The 12 dimensions are obtained from the decomposition of networks in 2-node and 3-node graphlets, comprising three graphlets (\({G}_{0},{G}_{1}\) and \({G}_{2}\)) and four orbits (\({O}_{0}\), \({O}_{1}\), \({O}_{2}\), \({O}_{3}\)). The adjacency matrix succinctly reveals the number of times a node touches those orbits (see Supplementary Information Sect. 1). As explained in the prior section, recent works focused on counting graphlets efficiently in large networks13,14,15,16,17.

In addition, for the four orbits, \({P}_{t,i}\) is a binary variable that is 1 if node \(i\) is at least once in orbit \(t\) or 0 otherwise (1).

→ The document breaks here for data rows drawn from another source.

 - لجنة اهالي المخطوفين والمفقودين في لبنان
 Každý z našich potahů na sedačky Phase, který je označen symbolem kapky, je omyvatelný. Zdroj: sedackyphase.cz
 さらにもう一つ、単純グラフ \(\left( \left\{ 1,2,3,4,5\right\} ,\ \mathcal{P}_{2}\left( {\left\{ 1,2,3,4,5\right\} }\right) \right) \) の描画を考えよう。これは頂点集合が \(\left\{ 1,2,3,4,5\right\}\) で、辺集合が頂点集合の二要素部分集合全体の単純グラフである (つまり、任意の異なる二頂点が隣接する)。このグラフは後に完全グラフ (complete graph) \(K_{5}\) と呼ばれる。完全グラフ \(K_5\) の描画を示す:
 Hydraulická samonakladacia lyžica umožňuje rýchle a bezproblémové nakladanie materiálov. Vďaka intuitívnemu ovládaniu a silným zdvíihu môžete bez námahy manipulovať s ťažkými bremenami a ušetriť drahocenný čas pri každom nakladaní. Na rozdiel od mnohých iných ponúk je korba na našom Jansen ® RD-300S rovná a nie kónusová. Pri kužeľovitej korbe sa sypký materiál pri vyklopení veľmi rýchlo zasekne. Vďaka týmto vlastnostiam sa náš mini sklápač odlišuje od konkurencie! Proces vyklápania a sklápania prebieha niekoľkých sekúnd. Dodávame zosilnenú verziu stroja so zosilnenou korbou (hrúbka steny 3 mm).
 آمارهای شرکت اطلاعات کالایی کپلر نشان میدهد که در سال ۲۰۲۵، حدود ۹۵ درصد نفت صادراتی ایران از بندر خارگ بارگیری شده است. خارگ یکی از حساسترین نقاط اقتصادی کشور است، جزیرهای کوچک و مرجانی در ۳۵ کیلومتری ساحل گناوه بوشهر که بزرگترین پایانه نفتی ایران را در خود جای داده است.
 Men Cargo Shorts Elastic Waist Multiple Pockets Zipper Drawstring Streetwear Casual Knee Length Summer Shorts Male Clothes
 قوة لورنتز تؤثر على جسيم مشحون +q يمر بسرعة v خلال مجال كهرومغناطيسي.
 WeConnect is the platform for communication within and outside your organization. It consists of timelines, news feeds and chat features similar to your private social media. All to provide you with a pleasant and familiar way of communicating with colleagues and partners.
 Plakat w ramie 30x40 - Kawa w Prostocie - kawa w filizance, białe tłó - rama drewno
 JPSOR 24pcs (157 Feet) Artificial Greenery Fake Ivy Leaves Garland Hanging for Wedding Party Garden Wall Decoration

$${P}_{t,i}=\left\{\begin{array}{c}1, {O}_{t,i}>0\\ 0, {O}_{t,i}=0\end{array}\right.$$
(1)

To enhance readability, the 12 dimensions are classified into four categories: Global connectivity, Hubs, Strings, and Triangles. Those categories cover different aspects of network structure that might condition network behavior. Furthermore, these categories allow for an intuitive interpretation of topology implications in real-world applications. For instance, in power networks, the higher presence of strings might mean a lower level of network robustness (higher probability of having energy not supplied in the network in case of line failure, given that when there is a failure in a string all the downstream nodes will be affected). Similarly, the presence of large strings in an email graph (nodes stands for community members and edges connect the people who send an email with the people who receive the email) will show that the community may follow a clearly defined hierarchical structure.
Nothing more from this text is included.